[Try it]:
Locate the line containing "山東省臨沂樸園小學(xué)" in the material below. Copy that line and all following lines through the end exactly, omitting any pictures.

[Data extract]:
★ ★ ★

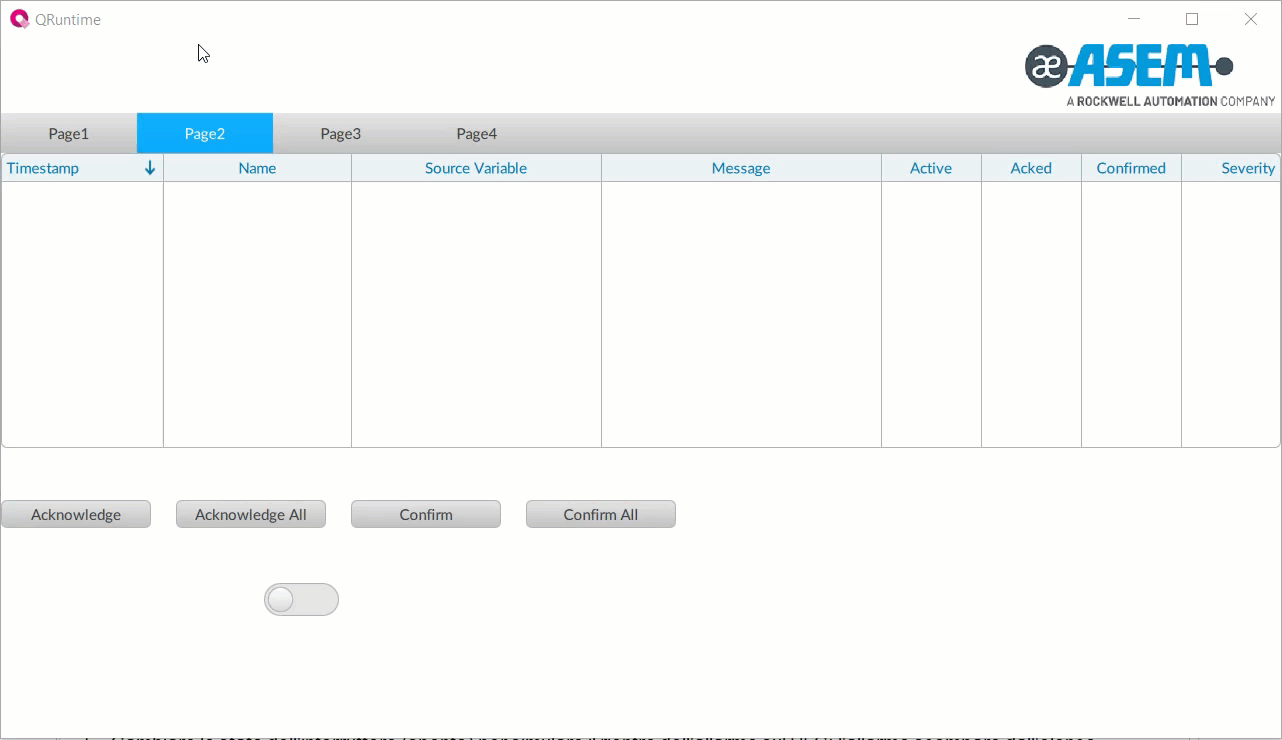 - SelectPage2. To simulate the alarm activation on the controller, change the switch status (on): the alarm grid displays the alarm data.
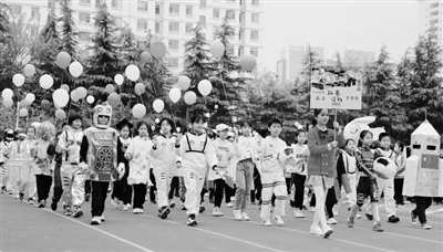 山東省臨沂樸園小學(xué)讀書節(jié)開幕式上,四年級(jí)“科普讀物”方隊(duì)入場(chǎng)。 學(xué)校供圖
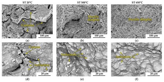 Fractographic images of the central part of tensile steel samples after ST, fractured at 20 °C (a,d), 500 °C (b,e), and 650 °C (c,f).
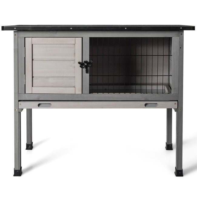 BEST OUTDOOR INDOOR ELEVATED WOODEN RABBIT HUTCH WITH REMOVABLE TRAY

★ ★ ★

[Finished task]:
 山東省臨沂樸園小學(xué)讀書節(jié)開幕式上,四年級(jí)“科普讀物”方隊(duì)入場(chǎng)。 學(xué)校供圖
 Fractographic images of the central part of tensile steel samples after ST, fractured at 20 °C (a,d), 500 °C (b,e), and 650 °C (c,f).
 BEST OUTDOOR INDOOR ELEVATED WOODEN RABBIT HUTCH WITH REMOVABLE TRAY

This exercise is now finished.